**** Material for this task ****
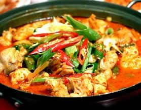 Dakdoritang is a traditional braised chicken dish that is full of spices and flavors which is known to be quite spicy in taste. Succulent chicken pieces such as thighs, breasts and/or drumsticks are simmered in a base soup where the meat tends to fall off the bones. It is marinated with hot pepper and soy sauce, containing assortments of vegetables such as green & red chili peppers, potatoes, onions and carrots. Some may include jalapeños to this dish in addition to gochujang (red chili pepper paste) in addition to gochugaru (red chili pepper flakes) which will surely wake up your taste buds. As it can get quite spicy, be sure to eat plenty of steamed rice to offset the heat RECIPE INGREDIENTS: YIELDS 4 SERVINGS 1-2 jalapenos (optional) 2 tbsp minced garlic 2 tbsp gochujang (red chili pepper paste) 2 tbsp gochugaru (red chili pepper flakes) 2 tbsp soy sauce 1 tsp sugar 2 tsp sesame oil 2 green onions 1 tbsp ginger 2 cups water Salt and pepper COOKING DIRECTIONS Peel potatoes and cut them into eight pieces (cut each potato in half and then cut each half into four quarters). Cut onions the same way as the potatoes. Peel carrot and cut it into lengths about the same size as its width. Cut each slice into four quarters. Slice jalapeño (julienne), if desired. In a heavy pot, combine all ingredients except green onions. Cover and cook for 30-40 minutes over a medium flame. Sprinkle salt and pepper to taste. Chop and add green onions to simmer for 5 additional minutes. Serve hot with rice.
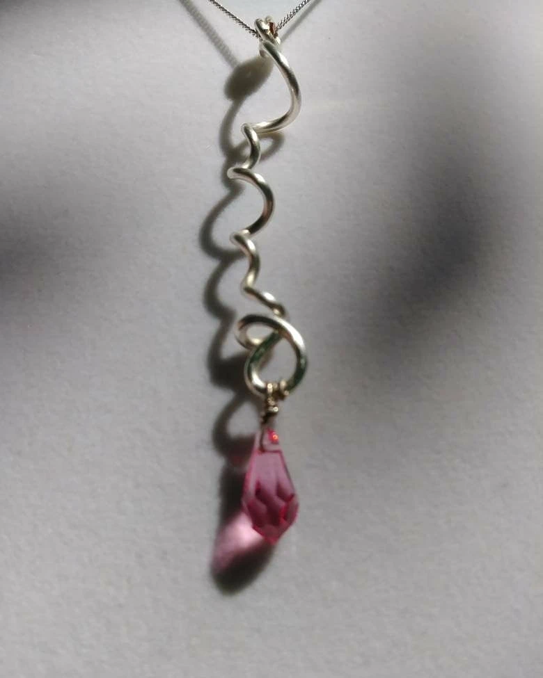 This is a Freeform Silver Wire pendant with a Pink faceted teardrop Swarovski Crystal suspend from the bottom by Sterling Silver wire. It is supported by a dainty Sterling Silver chain with round Sterling Silver clasp.Â
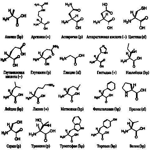 Рис. 28.7. Структура 20 аминокислот, используемых в синтезе биологических белков. Указан электрический заряд каждой аминокислоты: (+) для положительно заряженных, (-) для отрицательно заряженных, (p) полярные незаряженные, (hp) гидрофобные, (sf) особые формы.
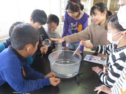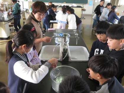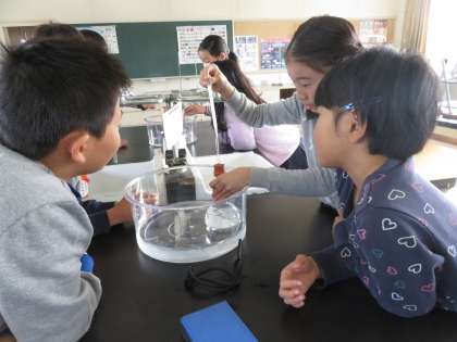 水を温めたり冷やしたりして、体積が変わるかどうかを調べます。安全に注意しながら、班ごとに実験をしていきます。
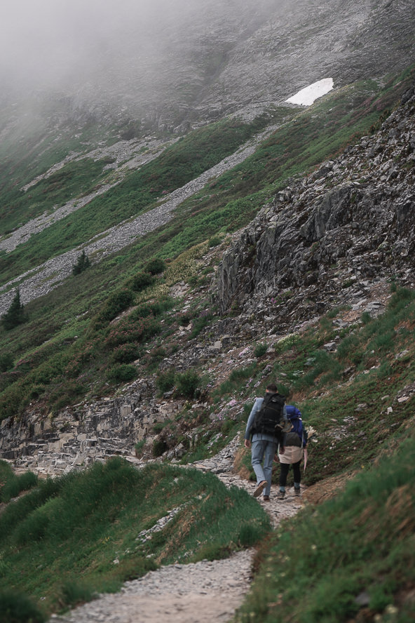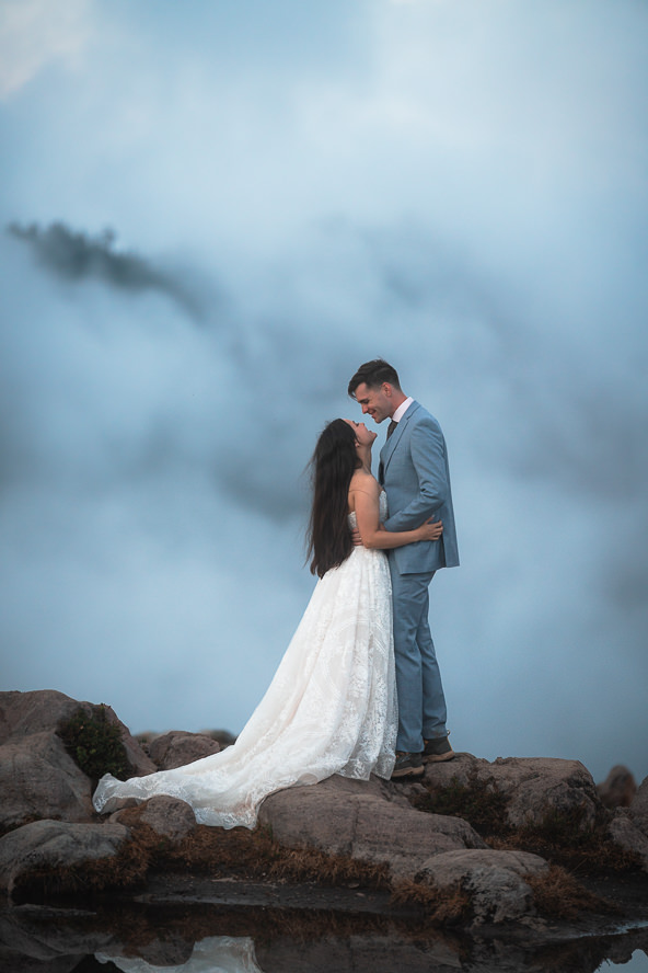 They reached their ceremony location before sunset. Stood on an alpine ridgeline, and had an emotional vow. During this the sun began to glow beautifully as the sun was setting. Behind them was a steep rocky terrain that was rising out of a dense forest, with low clouds and mist drifting across the peak. After their vow they had one of the most tender hug I’ve ever seen. This moment was such a dream.
****
• **Exercise**: Excluding pictures, reproduce the listing above exactly as it stands.

• **Exercise output**:
 Dakdoritang is a traditional braised chicken dish that is full of spices and flavors which is known to be quite spicy in taste. Succulent chicken pieces such as thighs, breasts and/or drumsticks are simmered in a base soup where the meat tends to fall off the bones. It is marinated with hot pepper and soy sauce, containing assortments of vegetables such as green & red chili peppers, potatoes, onions and carrots. Some may include jalapeños to this dish in addition to gochujang (red chili pepper paste) in addition to gochugaru (red chili pepper flakes) which will surely wake up your taste buds. As it can get quite spicy, be sure to eat plenty of steamed rice to offset the heat RECIPE INGREDIENTS: YIELDS 4 SERVINGS 1-2 jalapenos (optional) 2 tbsp minced garlic 2 tbsp gochujang (red chili pepper paste) 2 tbsp gochugaru (red chili pepper flakes) 2 tbsp soy sauce 1 tsp sugar 2 tsp sesame oil 2 green onions 1 tbsp ginger 2 cups water Salt and pepper COOKING DIRECTIONS Peel potatoes and cut them into eight pieces (cut each potato in half and then cut each half into four quarters). Cut onions the same way as the potatoes. Peel carrot and cut it into lengths about the same size as its width. Cut each slice into four quarters. Slice jalapeño (julienne), if desired. In a heavy pot, combine all ingredients except green onions. Cover and cook for 30-40 minutes over a medium flame. Sprinkle salt and pepper to taste. Chop and add green onions to simmer for 5 additional minutes. Serve hot with rice.
 This is a Freeform Silver Wire pendant with a Pink faceted teardrop Swarovski Crystal suspend from the bottom by Sterling Silver wire. It is supported by a dainty Sterling Silver chain with round Sterling Silver clasp.Â
 Рис. 28.7. Структура 20 аминокислот, используемых в синтезе биологических белков. Указан электрический заряд каждой аминокислоты: (+) для положительно заряженных, (-) для отрицательно заряженных, (p) полярные незаряженные, (hp) гидрофобные, (sf) особые формы.
 水を温めたり冷やしたりして、体積が変わるかどうかを調べます。安全に注意しながら、班ごとに実験をしていきます。
 They reached their ceremony location before sunset. Stood on an alpine ridgeline, and had an emotional vow. During this the sun began to glow beautifully as the sun was setting. Behind them was a steep rocky terrain that was rising out of a dense forest, with low clouds and mist drifting across the peak. After their vow they had one of the most tender hug I’ve ever seen. This moment was such a dream.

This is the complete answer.